Provided data >>
=======

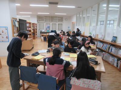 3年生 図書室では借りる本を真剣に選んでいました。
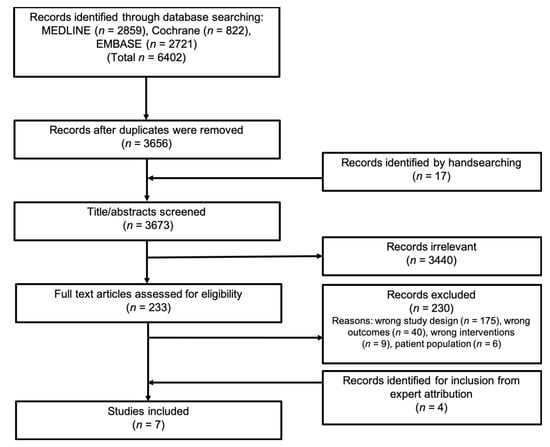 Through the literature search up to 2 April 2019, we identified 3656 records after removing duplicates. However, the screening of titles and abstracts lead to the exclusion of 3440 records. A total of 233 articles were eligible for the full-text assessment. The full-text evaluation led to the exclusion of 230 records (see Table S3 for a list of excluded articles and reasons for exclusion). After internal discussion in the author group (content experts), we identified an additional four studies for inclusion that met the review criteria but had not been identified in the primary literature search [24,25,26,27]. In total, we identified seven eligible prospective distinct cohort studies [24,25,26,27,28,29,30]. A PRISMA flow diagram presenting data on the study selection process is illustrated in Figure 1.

=======

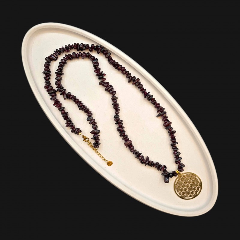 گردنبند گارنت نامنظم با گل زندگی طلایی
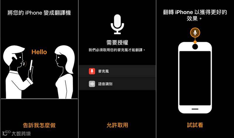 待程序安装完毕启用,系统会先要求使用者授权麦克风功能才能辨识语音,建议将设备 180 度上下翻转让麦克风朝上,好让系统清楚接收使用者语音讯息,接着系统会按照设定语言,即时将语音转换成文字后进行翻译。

=======

What is being asked >>
Look above for the line with "3年生 図書室では借りる本を真剣に選んでいました。" and the line with "Through the literature", then copy them and all lines in between exactly as written, and only those, without any pictures.

Response >>
 3年生 図書室では借りる本を真剣に選んでいました。
 Through the literature search up to 2 April 2019, we identified 3656 records after removing duplicates. However, the screening of titles and abstracts lead to the exclusion of 3440 records. A total of 233 articles were eligible for the full-text assessment. The full-text evaluation led to the exclusion of 230 records (see Table S3 for a list of excluded articles and reasons for exclusion). After internal discussion in the author group (content experts), we identified an additional four studies for inclusion that met the review criteria but had not been identified in the primary literature search [24,25,26,27]. In total, we identified seven eligible prospective distinct cohort studies [24,25,26,27,28,29,30]. A PRISMA flow diagram presenting data on the study selection process is illustrated in Figure 1.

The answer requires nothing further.